The timestamp for this ruleset on my system was then

Ruleset (2021-12-14 21:26:12)

that this works for you. If not then I have no further idea what the problem could be.

This is what I did in the past. And it worked as expected and the ruleset was updated to something current.

But, I didn’t want to do this again and have to re-set all of the rules. Especially the sub-rules.

So this will help me for today, but what about next time?

–

I was trying to find the code for the ruleset update. I thought I would stumble across it in fcrontab, or an fcron.daily, fcron.weekly, and I could not locate it. (and maybe that is the problem?!?)

I did find this:

[root@ipfire ~] # /etc/rc.d/init.d/suricata
Usage: /etc/rc.d/init.d/suricata {start|stop|restart|reload|status}

does a reload also update the ruleset?

Adolf @bonnietwin - what messages appeared in your message log when the update happened?

forgot to answer this question.

I changed it from weekly to daily and there is no difference. Still the same date.

This was the issue though I don’t know why. The suricata link was missing from fcron.weekly.

When I changed the Automatic Rule Update from Weekly to Daily …

Screen Shot 2021-12-14 at 6.41.14 PM1958×336 41.1 KB

… the suricata link appeared in fcron.daily.

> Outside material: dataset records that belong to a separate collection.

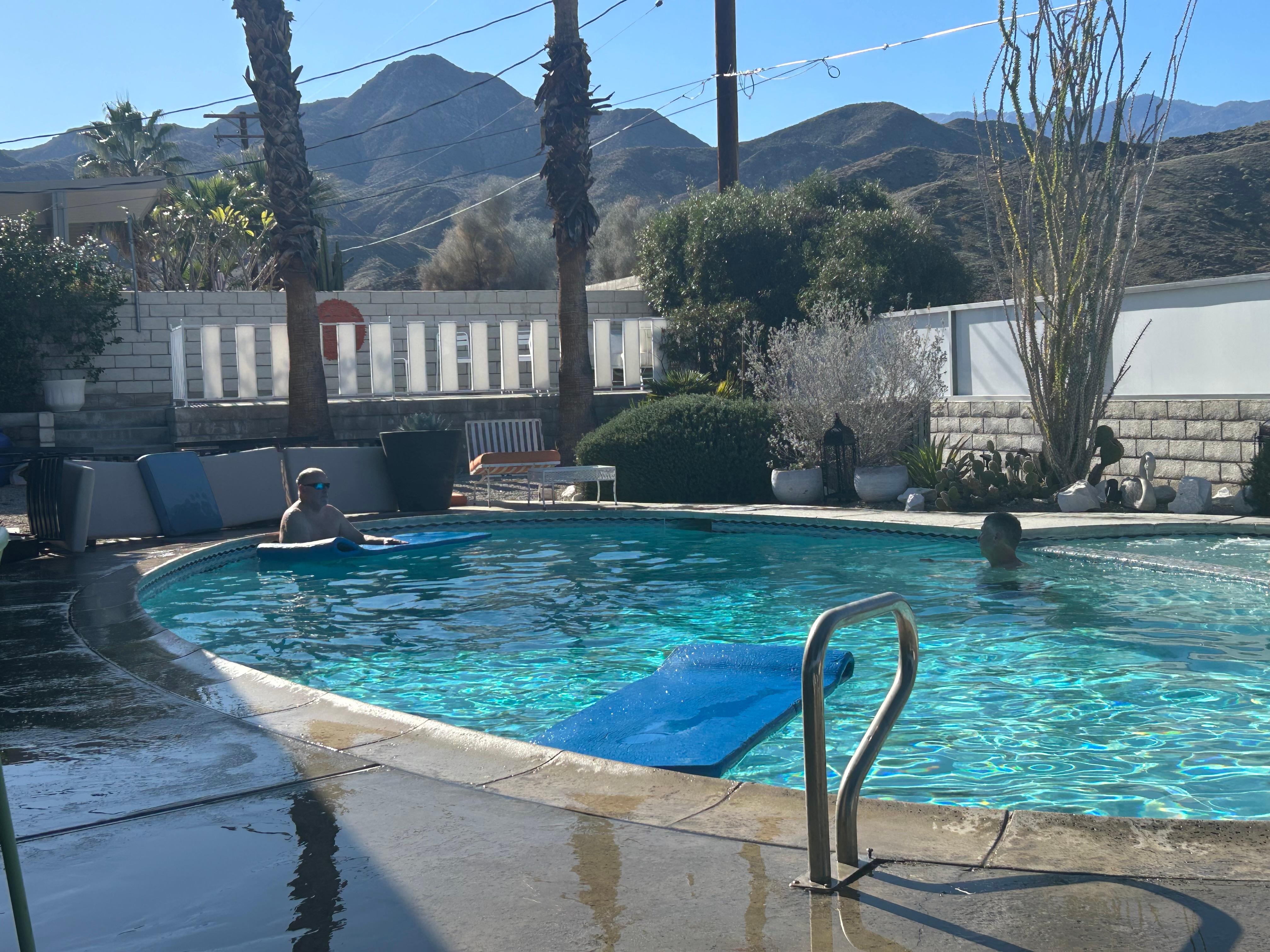 The Pool: Redone in 2022, it is one of the old fashioned egg-shaped pools. It is deep enough (9.5' at the deep end) to keep it swimmable even in the hottest afternoons. Heated during the winter, it provides just enough length for lap/exercise. There is a 'Dinah Shore Shelf' for partially submerged sunbathing, easy-access steps for entry, and an attached spa/hot tub for soothing the muscles after a hike behind the home.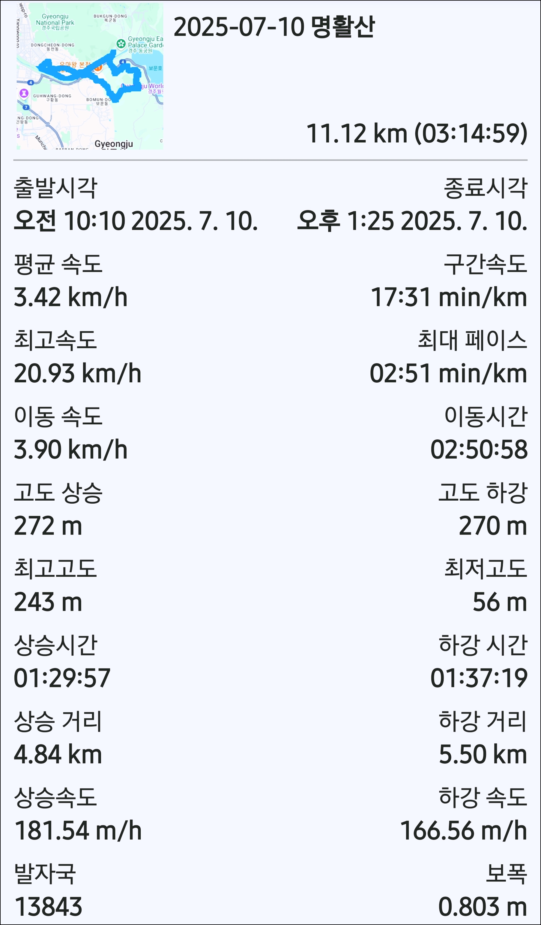 2. 산행일자 : 2025년 7월 10일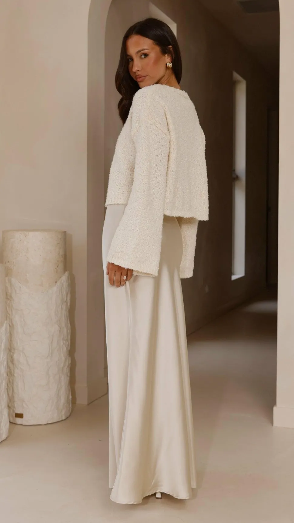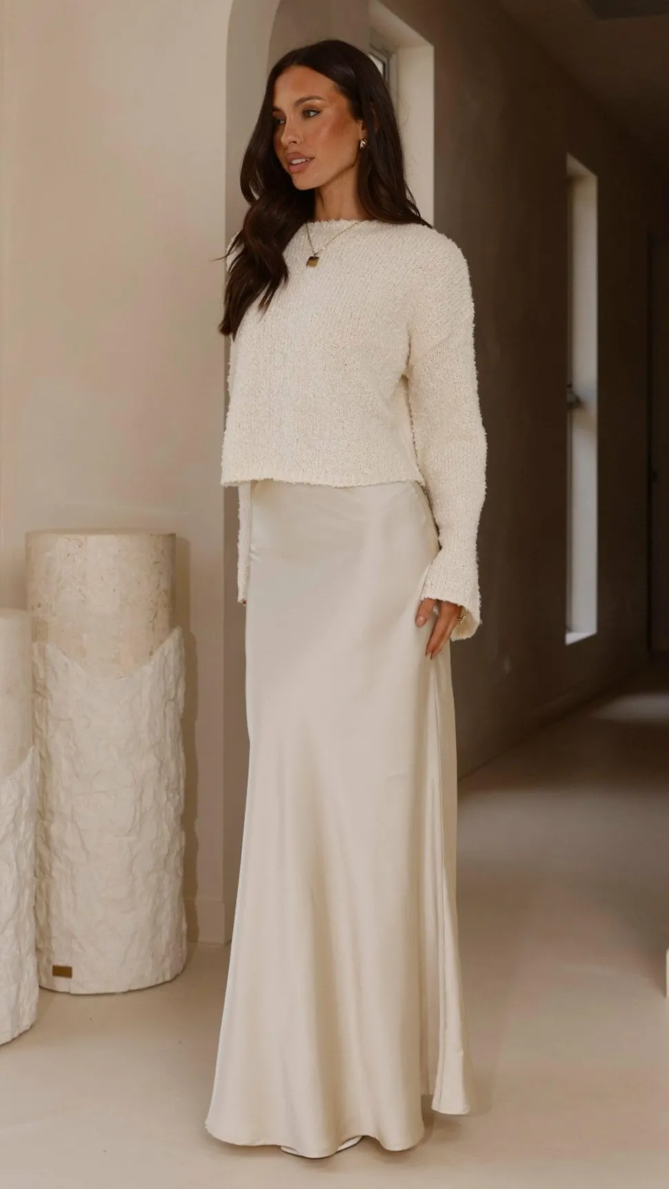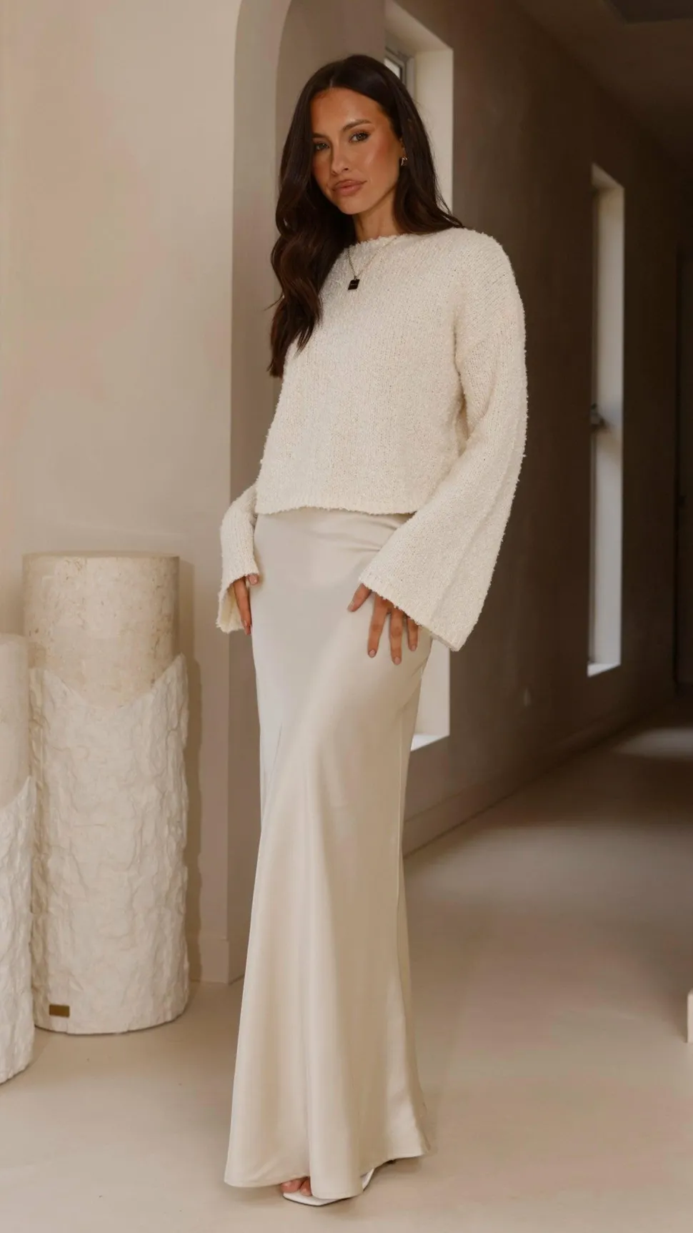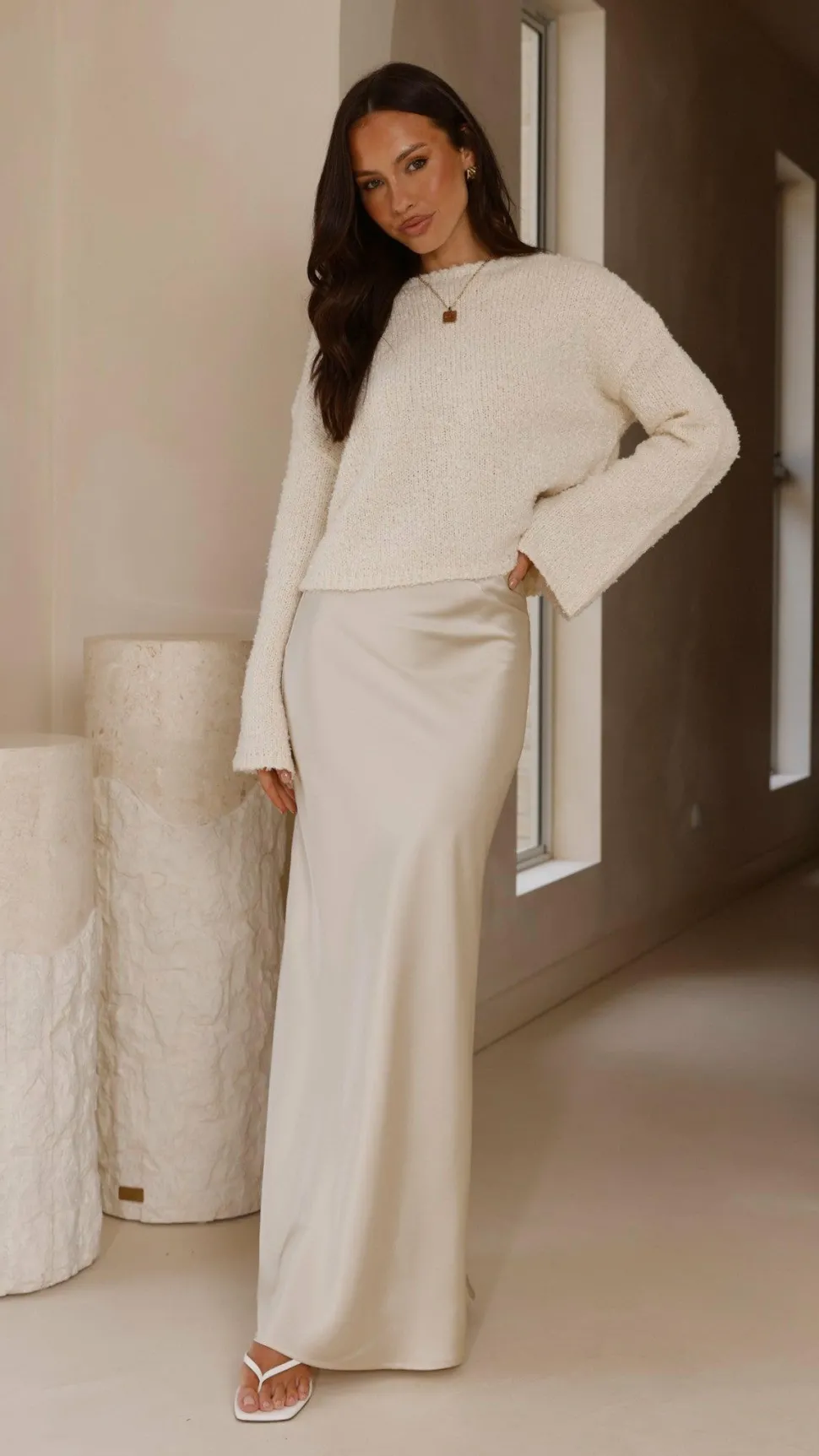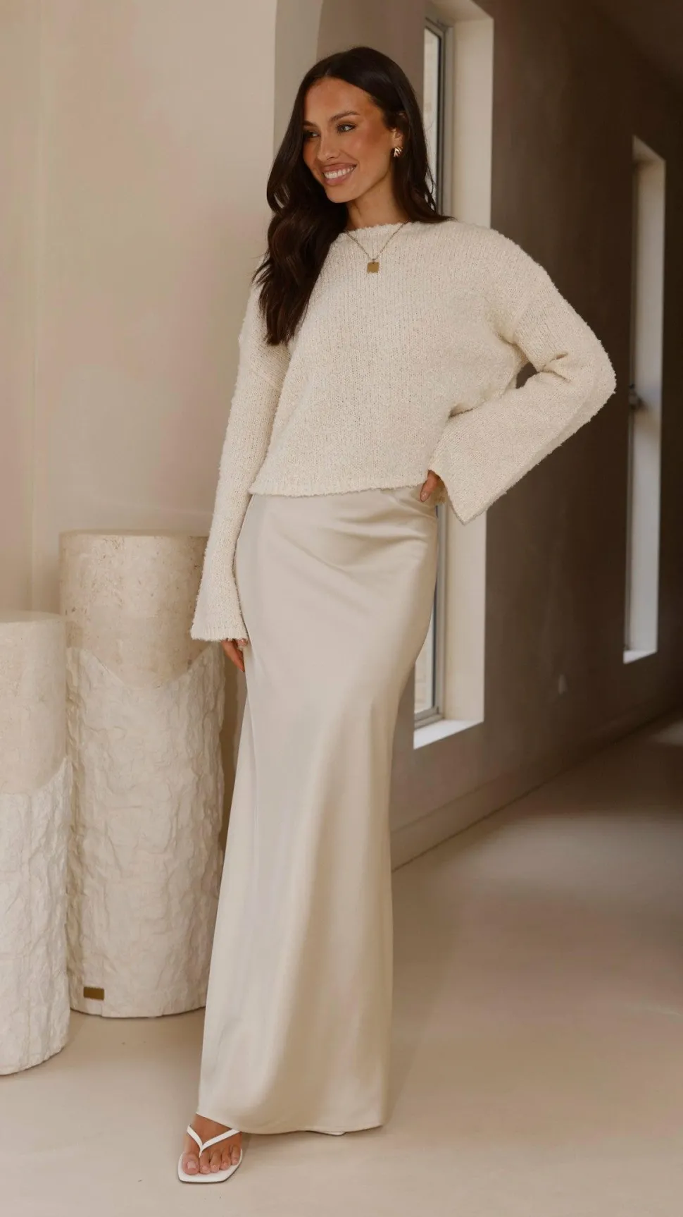 Get the look! Darina Bias Cut Maxi Skirt – Champagne & Xami Heel – White
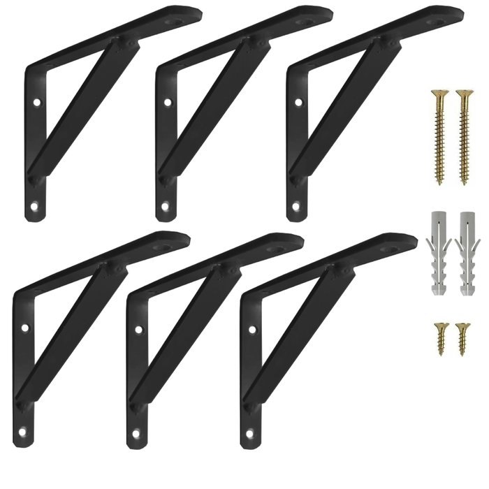 Mão Francesa Reforçada 15cm 6un Preta Cantoneira Prateleira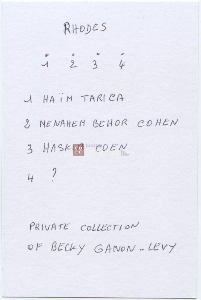 iscrizioni | sul verso del supporto la didascalia manoscritta "Rhodes/ 1 Haim Tarica 2 Menahem Behor Cohen 3 Haskia Coen 4 ?" e "Private Collection of Becky Ganon - Levy" |
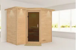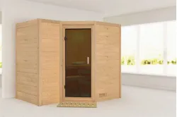 Karibu | Sahib 2 Sauna | Bronzeglas Deur | Kachel 9 kW Externe Bediening Introductie Sahib 2 Sauna van KaribunErvaar de unieke beleving van de Sahib 2 Sauna van Karibu van Fonteyn.€ 3319,99
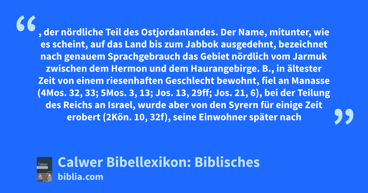 Basan, der nördliche Teil des Ostjordanlandes. Der Name, mitunter, wie es scheint, auf das Land bis zum Jabbok ausgedehnt, bezeichnet nach genauem Sprachgebrauch das Gebiet nördlich vom Jarmuk zwischen dem Hermon und dem Haurangebirge. B., in ältester Zeit von einem riesenhaften Geschlecht bewohnt, fiel an Manasse (4Mos. 32, 33; 5Mos. 3, 13; Jos. 13, 29ff; Jos. 21, 6), bei der Teilung des Reichs an Israel, wurde aber von den Syrern für einige Zeit erobert (2Kön. 10, 32f), seine Einwohner später nach Assyrien weggeführt (2Kön. 15, 29). Die einzelnen Teile des Landes sind: das Dscholan im Westen, nördlich und mitten steinig, bedeckt mit Lavamassen und vielen erloschenen Vulkanen, südlich eben, mit Ackerbau und Viehzucht, vergleiche die fetten Weiden, starken Kühe und Stiere, Schafherden B., Jer. 50, 19; Micha 7, 14; Psa. 22, 13; 5Mos. 32, 14; dem Dscholan-Gaulanitis (nach der Stadt Golan) entsprechen die Landschaften Gesur und Maecha (s. d.). Dieses westliche Gebiet wird an manchen Stellen auch von B. unterschieden (Jos. 12, 4f; Jes. 13, 11f) und dieser Name der Hauran-Ebene gegeben. Östlich von Dscholan kommt die aus Lava und Basalt gebildete Hauran-Ebene, die bis an den Fuß des Haurangebirges hinzieht. Die „Eichen von B.“ (Jes. 2, 13; Sach. 11, 2; Hes. 27, 6) gehören jetzt nur noch dem Gebirge an, während die Ebene selbst ohne Baumwuchs, aber sehr fruchtbar ist. Es ist die Kornkammer Syriens, jetzt bei geordneten politischen Verhältnissen und von der Eisenbahn durchzogen, in bedeutendem Ausschwung. Die Hauran-Ebene, jetzt en-Nukra, entspricht etwa den alten Provinzen Batanäa und Auranitis. Nördlich davon ist ein zerrissenes, höhlenreiches Lavaplateau, jetzt el-Ledschah, wahrscheinlich die alte Trachonitis. Das ganze Land B. war einer der herrlichsten und fruchtbarsten Teile des Landes und wird als solches in vielen Schriftstellen fast sprichwörtlich erwähnt, ähnlich wie die Berge Karmel und Libanon und die Ebene Saron, vergleiche z. B. Nah. 1, 4 und die oben angeführten Stellen.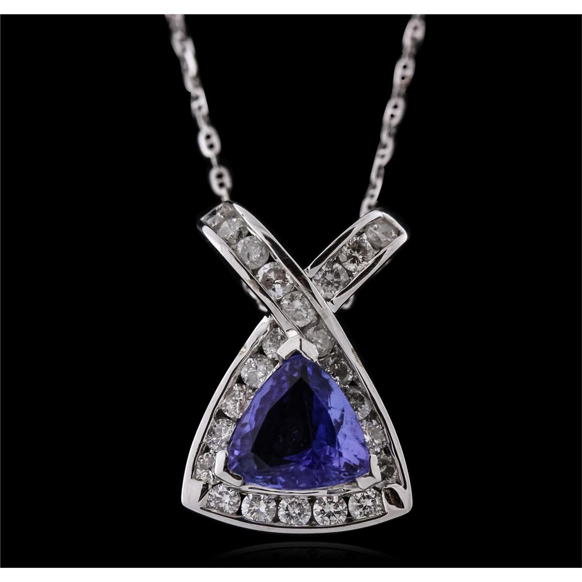 One electronically tested 14KT white gold ladies cast & assembled tanzanite and diamond pendant with chain. The pendant features a tanzanite set within a diamond bezel, completed by diamond set shoulders. The pendant is supported by an eighteen inch length 14KT white gold designer style chain, terminating in a lobster claw clasp. Bright polish finish. Trademark is Orianne. Identified with markings of "14K". Condition is new, good workmanship. Containing: One prong set triangle brilliant cut natural tanzanite, measuring 8.00 x 7.90 x 4.25mm, 6% bulge factor, approximate weight of 1.72ct., clarity is eye clean, type I, medium dark, very slightly grayish, violetish blue color, (GIA vB 6/3), cut is good. Transmitting light with no distortion, transparent. Graded in the setting. Tanzanite is a very rare gemstone that is only found in the country of Tanzania. Originally discovered in 1967. Tiffany & Company, named the stone Tanzanite. It is found in the Usumburu Mountains that border the Umba Valley of northern Tanzania. Tanzanite occurs in gray, brown, violet, blue, reddish-purple, & green. The gem is interesting because of its exceptional pleochroism. Rotated in different directions a tanzanite will exhibit multiple changes of color. Tanzanite has a low tolerance to ultrasonic cleaning, and should not be cleaned using this method. Twenty-Three channel set round brilliant cut diamonds, measuring 2.20 - 2.10 x 1.29mm (depth est.) approximate total weight of 23 Stones = 0.93ct. Graded in the setting. Clarity: I-1 to I-2. Color: H - J. Total Weight of Colored Stones 1.72ct. Total Weight of Diamonds 0.93ct. Total Weight of Pendant With Chain 4.13 grams. AIG Appraised at $5,990.00.
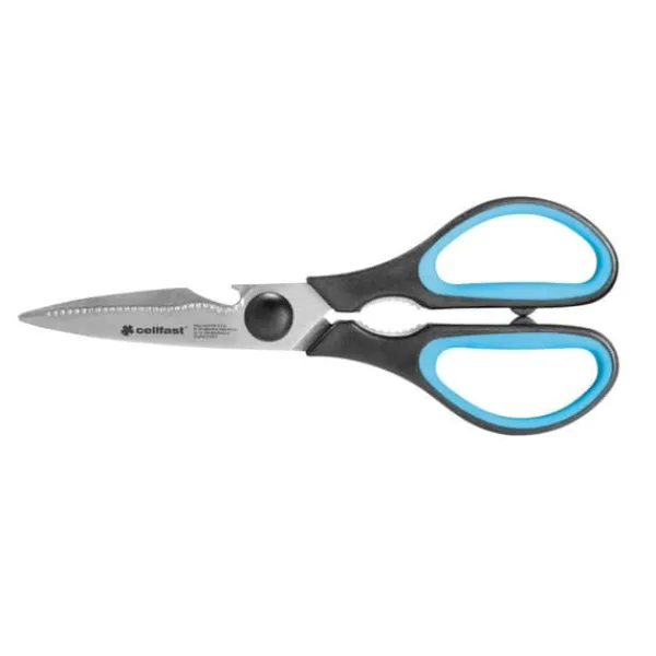 ENERGO™ Multifunktionssax Produktkod: 42-071 – sax med mångsidig användning – kan användas som flasköppnare eller nötknäppare – härdat blad, tillverkat av rostfritt stål – tandat blad underlättar klippning och ger bättre kontroll – ergonomisk form på handtagen garanterar komfort och bekvämlighet under användning – ett bladskydd ingår i saxen för att skydda bladen – total längd 220 mm
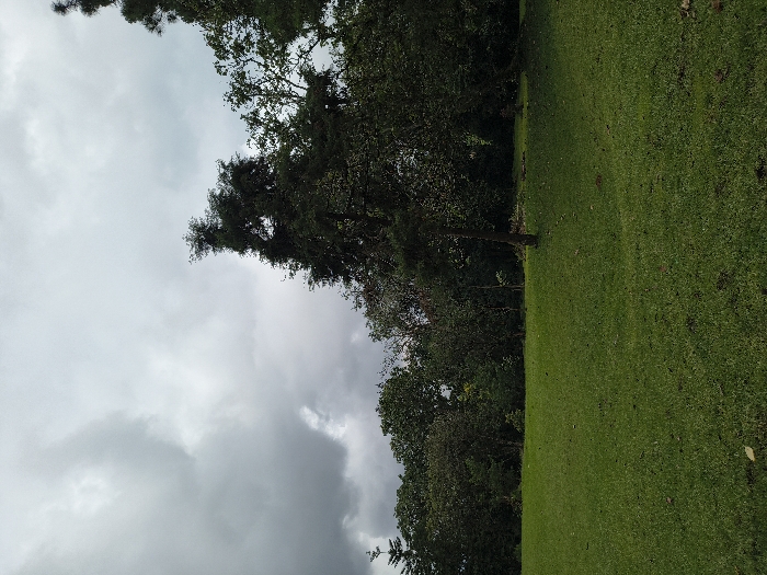 Lush green grass covers the right side of the frame. A line of trees with dense foliage forms a barrier between the grass and the sky. The sky is filled with grey and white clouds, indicative of an overcast day. The perspective is from a low angle, emphasizing the height of the trees.

Changing the Automatic Rule Update from Daily to Weekly causes it to appear back in fcron.weekly.

My ruleset seems to be updating now:

Ruleset (2021-12-14 18:35:44)

Hi, I had one system that would not update the rules. I found that by setting the AutomaticRuleUpdate to Disabled and pressing Save it brought up a manual UpdateRuleset button!
Pressed that button and Save and voila the rules were updated Then set the AutomaticRuleUpdate back to Daily and Saved.

If you look at the link in fcron.xx you’ll find the real update command
/usr/local/bin/update-ids-ruleset
This does an immediate update.

Nice find! I never knew this existed!

Yes! That is what lead me to the missing fcron.xx. I knew something had to run the update-ids-ruleset command (a link) but I just couldn’t find it!!

Yes, this is more obscure than it should be.